Ilana Eliya (אילנה אליה; born April 24, 1955, in Jerusalem) is an Israeli singer of Kurdish descent.

==Biography==
Ilana Eliya's family was originally from Iraqi Kurdistan and immigrated to Jerusalem shortly after the founding of Israel. In her childhood, she was heavily influenced by the musical and poetic career of her father. She heard Kurdish music early on and became interested in music.

As a teenager, there was no opportunity for her to do music education in East Jerusalem. Therefore, her parents sent her to the YMCA, where she sang arias and studied scripture.
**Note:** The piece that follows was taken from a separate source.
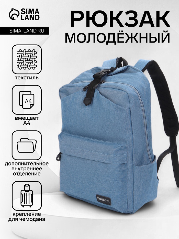 Рюкзак школьный из текстиля на молнии, FULLDORN, наружный карман, цвет голубой

She was focussing on Jewish religious music at that time. Soon after, she began her studies in ethnology and became increasingly interested in her Kurdish roots. At the latest after the death of her father in 1988, her interest in Kurdish music intensified, which led her to begin her musical career at the age of 37.

==Music style==
Ilana Eliya's style is a mixture of ethnic music, Kurdish folklore and Israeli world music. She often sings traditional Kurdish songs in a new way with some affect of Israeli music scene, and for this reason, her style has formed a special feature in Kurdish music. Because in the style of Eliya and her band, oriental and western styles flow into each other and Kurdish and Israeli musical influences can be recognized in her work. The latter is reminiscent of the old Jewish Ashkenazi community, which someday have been located around the mountain Ararat (today in the settlement area of the Kurds).

==Musical creation==
In 1992 Eliya released her first solo album called "Jabaliyo" (from the Kurdish-Arabic word Cebel, which means "son of the mountains"). The special feature of this album is that all songs were recorded accompanied by classical musical instruments and not reworked. Many of her recited songs are rooted in Kurdish folk music and are interpreted with her new style. Eliya's songs include political messages such as freedom of Kurdistan and the emancipation of women, and still other songs are about love and joy of living, which are particularly evident through her voice and singing.

==Albums==
- 1992 – Jabaliyo
- 1996 – Ilana Eliya

==Performances==
- Participation in several projects of Israeli filmmakers, u. A. by Mark Kopytman and Father General.
- Concerts in the US and Europe (Jewish Festival Krakow in 2010 and Brooklyn Academy of Music).